# newbie says "hi" and thanks!! Couple of questions too



## lambs (Sep 6, 2012)

First let me say..what a nice message board!!! What wonderful information and such nice people here!! Thanks for letting me join!
Lurked for many years on other boards..wow, what a difference!

Made the walmart soap. I whipped the oils with my stick blender while waiting for the lye to cool. When I added lye it was a giant pile of pound cake like batter! LOL..My soap turned out fine except it made WAy more than 6 lbs!! 

Is there any practical reason to make that mistake again?

Question on youtube video..she mixed lye and water, then added her oils and let the heat melt them, then she added 2 cups of lemon juice. 
Why would you need to neutralize the ph if your soap cooked right? What do you think about that method? 
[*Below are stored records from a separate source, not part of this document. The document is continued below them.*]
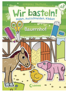
Let's Do Arts and Crafts! - Farm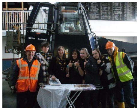
Ironing the Lifeboat?

Extreme Ironing is where you get into teams and take an iron, ironing board and a shirt to the Old Town and iron in the strangest and most creative places. We also had to take pictures for proof. The most popular place to iron was the Life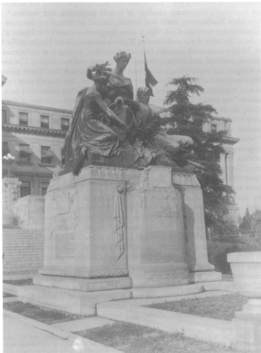
This monument to the women of the Confederacy was erected in front of the state capitol in Jackson, Mississippi, in 1904 by the United Confederate Veterans and the state of Mississippi at the cost of $20,000 and bears the inscription: "To Our Mothers, Our Wives, Our Daughters, Our Sisters."

Third question...does homemade soap kill germs as well as store bought? 

Thanks EVERYONE!!


----------



## [email protected] (Sep 18, 2008)

Did you make the Wal-Mart recipe from the soap recipe sticky here? It calls for 7# of oils, 1# of lye and (approx) 2# of liquid. So a total of about 10# of soap.
I melt my oils in my soap bucket. Add lye to frozen milk in a ss bowl and stir until the milk melts and the lye is dissolved. Then I add the lye/milk to the oils and stick blend.
Don't know about the youtube video. ?? Have no idea why she'd add lemon juice. With any new-to-you recipe, you should run it through a soap calculator to make sure it's using the correct amount of liquid and lye for the amount of oils. I like the calculator at thesage.com
Good handwashing kills germs. 

Welcome to the forum!!!


----------



## lambs (Sep 6, 2012)

:biggrin Duh..no wonder it did not fit in my six pound mold!!!! :rofl

Thanks!!


----------



## NubianSoaps.com (Oct 26, 2007)

If you liked the soap that the walmart recipe made, put it into the sage.com then click recalculate and put in 7 pounds, it will then change the recipe to fit your mold. Vicki


----------



## NPgoats (Mar 18, 2010)

Welcome to the forum! And happy soaping! I use two calculators because one gives me different info that is helpful to me. www.soapcalc.net
After doing a lot of reading I think that some of the EO's and other additives that you could add might be helpful in reducing the germs, but I'm new to soaping and really don't know the answer. I'm just guessing.
Linda


----------



## lambs (Sep 6, 2012)

Hi Linda,
thanks for the welcome!
I would be interested to know what you find out. Thanks for the soapcalctip too!


----------